Each year, the festival has produced many programs with both domestic and foreign cooperation. In 2015, the program consisted of an indoor exhibition and an outdoor garden. At programs called Exchanges of World Flowers, new varieties of flowers are exhibited by international and local flower firms. Foreign buyers are introduced to local florists.

The 2018 Goyang International Flower Expo presents the latest trends in the world's flower industry by participating in over 320 flower-related organizations, organizations and companies from 36 countries with the theme "New Flower World to Change the World." There are rare plants that are not easily seen, indoor gardens decorated with floral arts, colorful outdoor theme gardens, flower culture experience programs, rich performances and events, and flower shops sold directly by farmers.
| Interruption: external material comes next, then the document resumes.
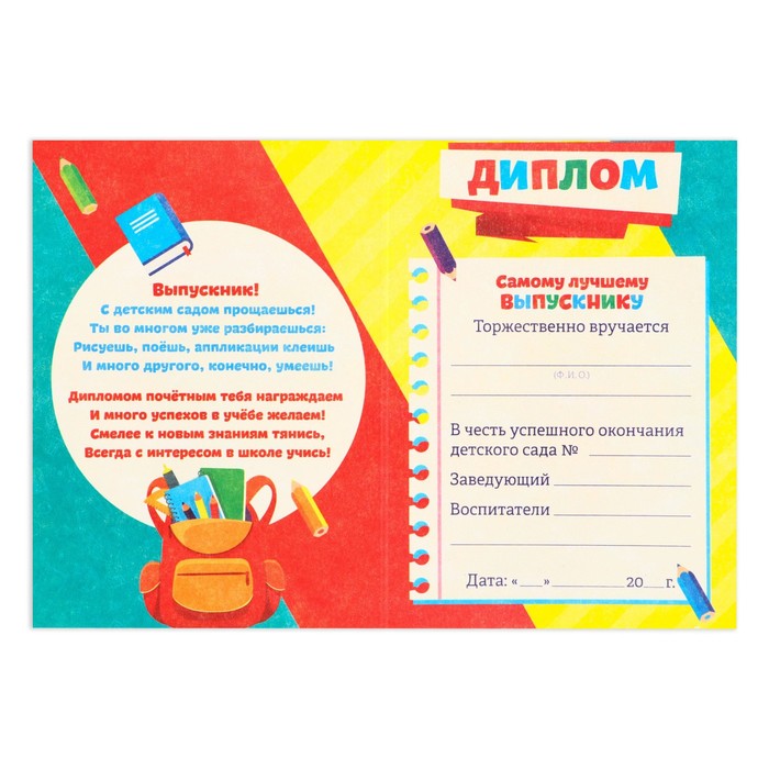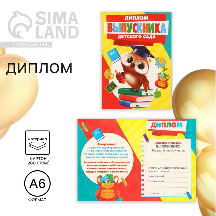 Диплом на Выпускной «Выпускника детского сада», А6, 200 гр/кв.м — Характеристики

From Friday to Sunday and holiday nights, the flower gardens create a romantic atmosphere.

Dual AIPH Certification (World First)

In 2026, the festival foundation announced that it had become the first in the world to receive dual approval from the International Association of Horticultural Producers (AIPH) for both the International Horticultural Exhibition and the International Horticultural Trade Fair categories. This certification solidifies its status as a premier global hub for both public tourism and professional industry exchange.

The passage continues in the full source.